▶ _Problem details_:
Leave the pictures in the listing below aside and reproduce exactly the lines starting with the one with "Carhartt カーハート 伸縮素材×レザー" and going on through the one with "Varustus: suihkuseinä, wc-istuin, suihku, kylpyhuonekaapisto", both ends included.

▶ _Task material_:

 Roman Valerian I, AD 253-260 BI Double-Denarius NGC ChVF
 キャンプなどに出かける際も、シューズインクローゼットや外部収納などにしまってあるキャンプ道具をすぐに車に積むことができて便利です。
--
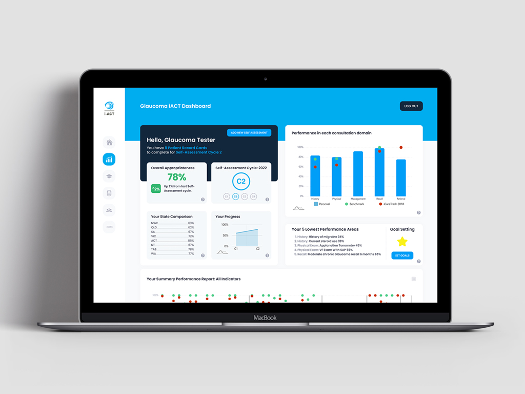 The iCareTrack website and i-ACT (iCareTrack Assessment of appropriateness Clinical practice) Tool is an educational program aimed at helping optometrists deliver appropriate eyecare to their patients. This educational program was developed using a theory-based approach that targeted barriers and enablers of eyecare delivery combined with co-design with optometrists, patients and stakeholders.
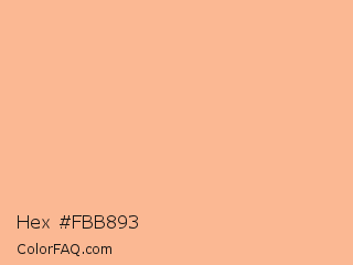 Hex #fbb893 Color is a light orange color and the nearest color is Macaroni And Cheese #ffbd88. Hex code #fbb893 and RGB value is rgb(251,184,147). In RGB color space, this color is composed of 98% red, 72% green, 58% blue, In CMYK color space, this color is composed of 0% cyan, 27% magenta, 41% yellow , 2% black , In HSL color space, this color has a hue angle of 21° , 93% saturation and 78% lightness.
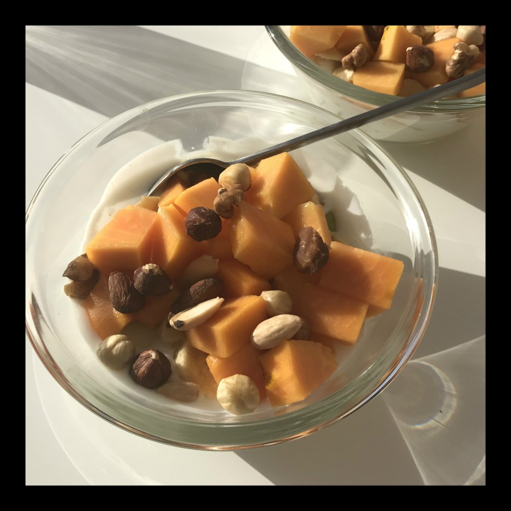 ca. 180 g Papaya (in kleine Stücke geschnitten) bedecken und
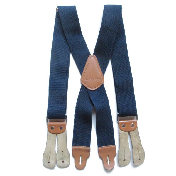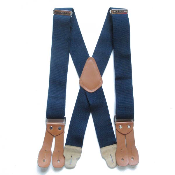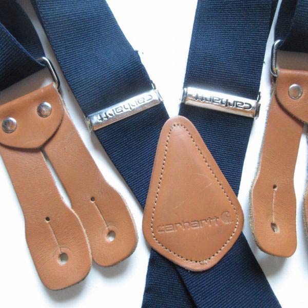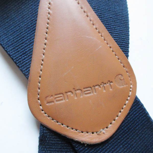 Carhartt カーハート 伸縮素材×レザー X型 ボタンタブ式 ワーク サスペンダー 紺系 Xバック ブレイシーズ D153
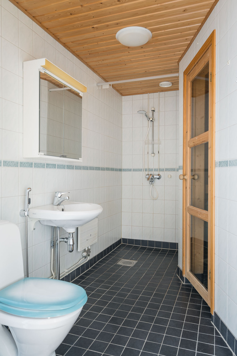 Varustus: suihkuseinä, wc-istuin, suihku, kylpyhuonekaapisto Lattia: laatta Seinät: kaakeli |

▶ _Your solution_:
 Carhartt カーハート 伸縮素材×レザー X型 ボタンタブ式 ワーク サスペンダー 紺系 Xバック ブレイシーズ D153
 Varustus: suihkuseinä, wc-istuin, suihku, kylpyhuonekaapisto Lattia: laatta Seinät: kaakeli |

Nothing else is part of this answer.